In Australia in 2013, United’s security team had to plead with a nightclub owner to allow players to hide inside after then-manager David Moyes took the team for a beach walk without realizing they would be assaulted by fans. A United source said: “David did this with Everton on a previous trip.” “But despite his warning that it would be different with United, he took out the players. It was a mess within 10 minutes.”
Tin Hag will be warned to avoid similar attempts to break the monotony of his players in Thailand and Australia as he discovers first-hand the unique pressure from a pre-season tour with one of the biggest clubs in the game, but it will be a demanding journey on and off the pitch. Preparing the team for the season is, after all, a priority.
United chartered a Boeing 747 jumbo, with business class seats throughout, to take the team to Bangkok, but less than half of those on board shared the playing crew. the rest? Club executives and commercial team members who, after two years without an opportunity to benefit from the United brand due to the COVID-19 pandemic, will be tasked with taking every additional minute to boost revenue streams and, in particular, ensuring that United’s official financial services partner in Thailand (Yes , they have one) a lot of interest.

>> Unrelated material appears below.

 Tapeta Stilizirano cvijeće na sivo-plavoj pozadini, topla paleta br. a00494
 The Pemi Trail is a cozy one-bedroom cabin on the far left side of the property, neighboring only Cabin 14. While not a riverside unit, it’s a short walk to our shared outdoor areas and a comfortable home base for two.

Liverpool also enjoys regular income from Thailand thanks to its partnership with Chaokoh, a Thai coconut water brand.
For every player at one of the top clubs, the pre-season rounds are all the same: training, football, jet lag, working hours as a walking billboard. But those big contracts and transfer fees have to be paid, and clubs have to find a way. Players don’t like it, but it’s a price they simply have to pay.